**WORK ITEM:** In the material below, pictures must be dropped. Repeat exactly, and only, the lines from the line with "Öğretmenler Mahallesi Suzan" to the line with "Custom jersey with", both ends included.

=== LISTED RECORDS ===

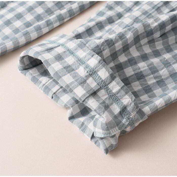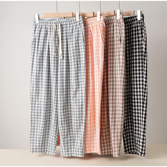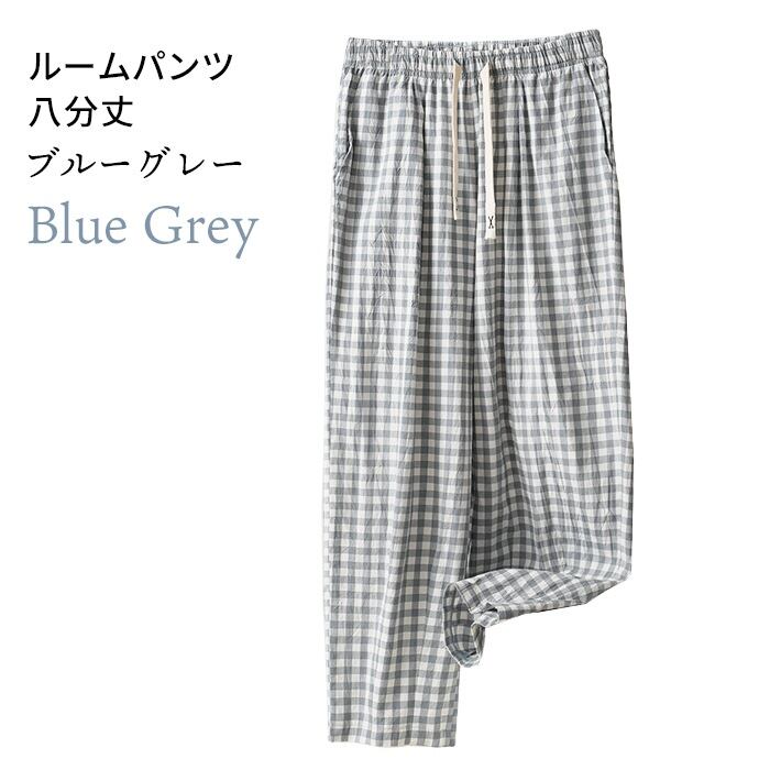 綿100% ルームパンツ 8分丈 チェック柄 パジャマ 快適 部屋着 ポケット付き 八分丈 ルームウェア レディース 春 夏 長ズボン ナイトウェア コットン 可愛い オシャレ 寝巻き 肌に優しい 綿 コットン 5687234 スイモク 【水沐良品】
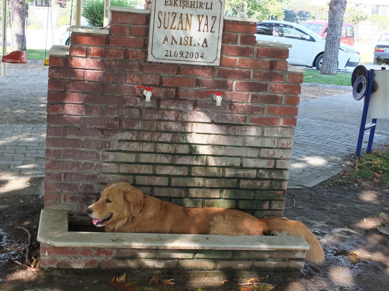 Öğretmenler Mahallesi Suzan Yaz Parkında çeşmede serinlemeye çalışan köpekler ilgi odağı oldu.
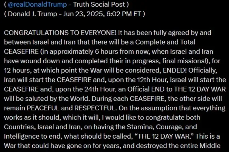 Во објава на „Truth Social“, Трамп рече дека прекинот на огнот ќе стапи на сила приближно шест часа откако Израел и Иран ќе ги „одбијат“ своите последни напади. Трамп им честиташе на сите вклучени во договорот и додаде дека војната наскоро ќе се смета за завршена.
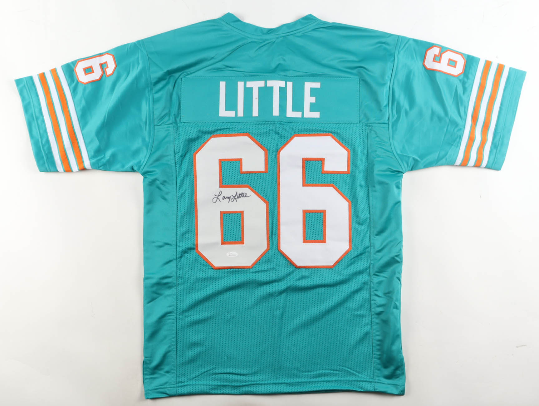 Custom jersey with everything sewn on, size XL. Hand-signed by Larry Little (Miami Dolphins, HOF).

===
=== LISTED RECORDS ===

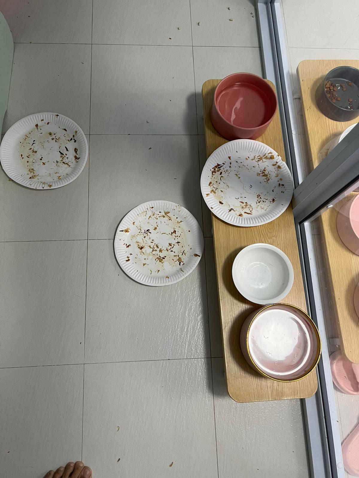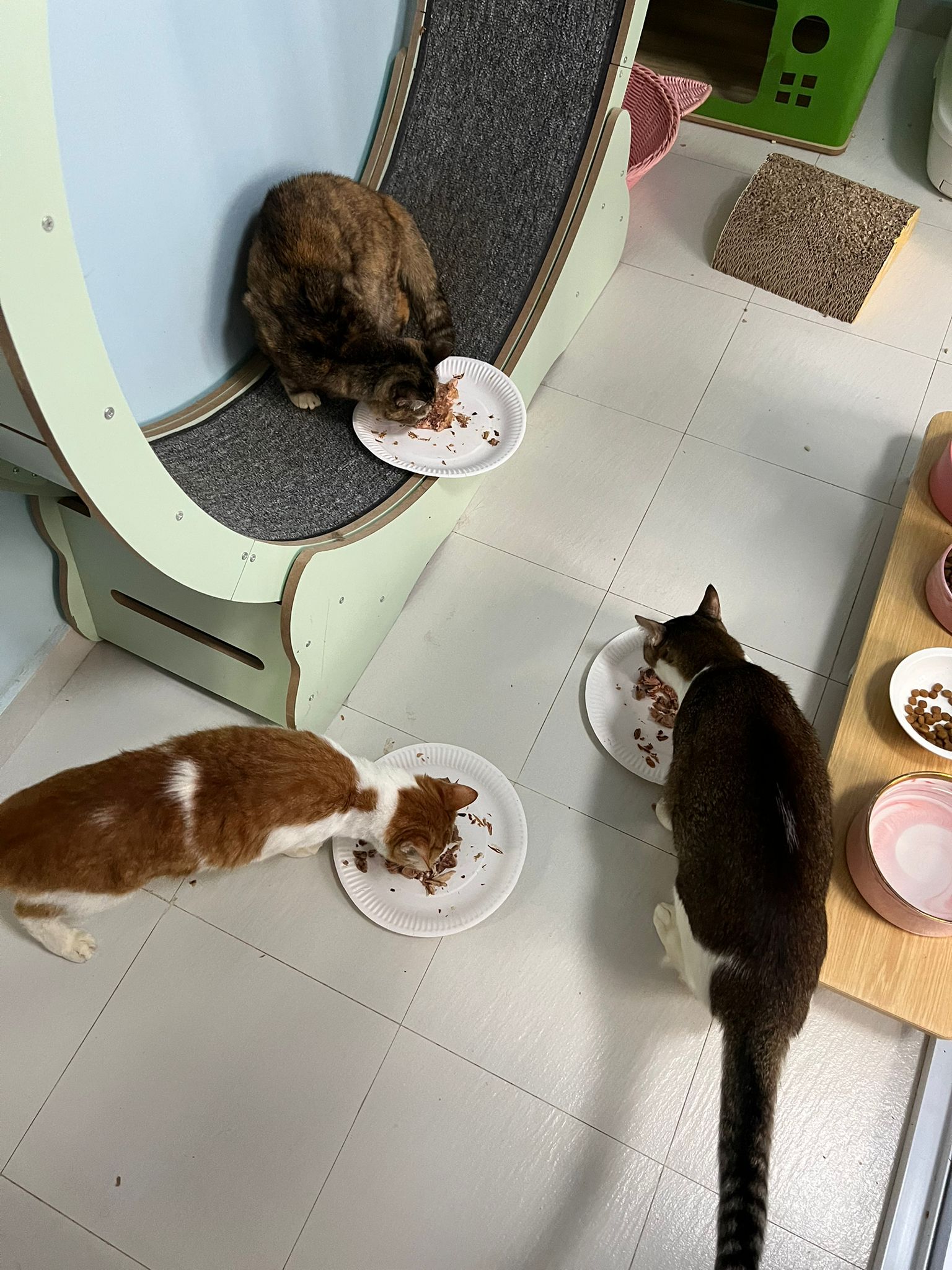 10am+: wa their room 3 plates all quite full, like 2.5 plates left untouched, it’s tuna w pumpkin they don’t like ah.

===

**WRITTEN RESPONSE:**
 Öğretmenler Mahallesi Suzan Yaz Parkında çeşmede serinlemeye çalışan köpekler ilgi odağı oldu.
 Во објава на „Truth Social“, Трамп рече дека прекинот на огнот ќе стапи на сила приближно шест часа откако Израел и Иран ќе ги „одбијат“ своите последни напади. Трамп им честиташе на сите вклучени во договорот и додаде дека војната наскоро ќе се смета за завршена.
 Custom jersey with everything sewn on, size XL. Hand-signed by Larry Little (Miami Dolphins, HOF).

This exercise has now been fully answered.